Extreme Fiction: Fabulists and Formalists.  Robin Hemley and Michael Martone

Up to now I have focused only on books about novel writing, but I also write short stories and like every other interested fiction writer out there, I am sensitive to the shifts that literature is taking in favor of innovative, fabulist, and other forms of experimental fiction.  This book is an anthology, and the stories included, I will admit, are not always my favorite.  Oftentimes innovation becomes a gimmick rather than an aid to narrative, something that I have observed and criticized in this otherwise favored genre of mine within the literary fiction umbrella.  However, the opening essay should be essential reading for any student of fiction, in my opinion.  It explains in terms both simple and thorough the various approaches and terminology assigned to this often misunderstood form of fiction, and it provides ambitious writers a glimpse into the vast landscape of possibilities of this imaginative, fantastical, and often still unexplored genre of ours.

The Art of Fiction.  John Gardner.

I am a fan of John Gardner’s work both as a novelist and as a critic.  His other touted book, On Being a Novelist, is another one of those classics on the required reading list of any aspiring novelist, but this other book has at least one chapter that I think should also be required reading for all students of fiction.  It’s the essay titled “Common Errors,” which discusses with abundant practical and insightful examples where beginning fiction often goes wrong.  The discussion spans everything from subtle shifts in point of view to faulty sentence structures.  Whenever I use this book (particularly, this chapter) in my classes I see the light strike the faces of my students.  We are then able to look at every piece and identify specifically stumbling blocks in the narrative and structure, and methods to address them that are both simple and effective.

The Lie That Tells The Truth.  John Dufresne.

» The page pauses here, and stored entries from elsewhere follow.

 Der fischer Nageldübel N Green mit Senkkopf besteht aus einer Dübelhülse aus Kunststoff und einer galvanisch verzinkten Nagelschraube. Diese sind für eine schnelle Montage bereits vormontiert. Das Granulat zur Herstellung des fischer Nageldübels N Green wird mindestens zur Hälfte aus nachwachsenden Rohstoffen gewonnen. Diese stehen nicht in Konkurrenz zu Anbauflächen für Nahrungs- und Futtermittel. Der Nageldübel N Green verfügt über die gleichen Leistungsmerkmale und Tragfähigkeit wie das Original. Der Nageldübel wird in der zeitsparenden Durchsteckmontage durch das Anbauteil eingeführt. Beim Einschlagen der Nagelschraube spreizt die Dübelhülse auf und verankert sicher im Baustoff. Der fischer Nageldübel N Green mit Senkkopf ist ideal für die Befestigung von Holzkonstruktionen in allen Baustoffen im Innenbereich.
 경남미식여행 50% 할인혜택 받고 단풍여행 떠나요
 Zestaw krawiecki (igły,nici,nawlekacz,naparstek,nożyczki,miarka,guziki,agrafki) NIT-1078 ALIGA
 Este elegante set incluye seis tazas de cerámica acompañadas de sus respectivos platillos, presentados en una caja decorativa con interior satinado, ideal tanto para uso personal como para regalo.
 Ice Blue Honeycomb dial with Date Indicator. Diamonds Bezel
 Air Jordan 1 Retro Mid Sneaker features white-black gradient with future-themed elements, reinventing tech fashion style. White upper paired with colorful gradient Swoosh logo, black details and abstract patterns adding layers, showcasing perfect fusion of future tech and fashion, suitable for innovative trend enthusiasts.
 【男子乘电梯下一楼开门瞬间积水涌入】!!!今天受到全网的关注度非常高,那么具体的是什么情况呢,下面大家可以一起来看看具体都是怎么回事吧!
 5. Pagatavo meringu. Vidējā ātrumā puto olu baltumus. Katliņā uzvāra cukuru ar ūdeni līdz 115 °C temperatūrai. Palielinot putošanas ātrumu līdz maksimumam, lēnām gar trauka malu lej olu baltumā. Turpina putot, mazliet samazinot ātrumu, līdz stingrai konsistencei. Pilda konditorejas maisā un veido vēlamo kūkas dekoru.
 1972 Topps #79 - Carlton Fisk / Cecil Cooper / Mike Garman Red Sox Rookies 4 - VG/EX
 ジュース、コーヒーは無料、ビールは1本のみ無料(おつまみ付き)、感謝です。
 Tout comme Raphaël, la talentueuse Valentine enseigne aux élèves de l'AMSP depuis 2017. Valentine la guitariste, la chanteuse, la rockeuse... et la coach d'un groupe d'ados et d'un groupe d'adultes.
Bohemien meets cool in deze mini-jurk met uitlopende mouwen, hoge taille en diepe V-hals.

I should say upfront that I’m a student of John Dufresne: I know his methods so well, I have subconsciously repossessed them and claimed them as my own.  By the time he wrote his book, I had already taken many of his classes and participated in his Friday Night Workshop at Florida International University for years, so I was familiar with everything in it.  Nonetheless his applications and methods are for me fundamental to understanding how a piece of fiction is crafted, and for how it should be read.  Dufresne is indisputably a literary writer, and also a great teacher.  His approach to character and plot are entrenched in the understanding that plot is an internal journey, and that every character action is motivated by psychological needs and obstacles.  I still use his methods in my classes for both beginning and advanced students.  This is the book to study for any serious literary writer.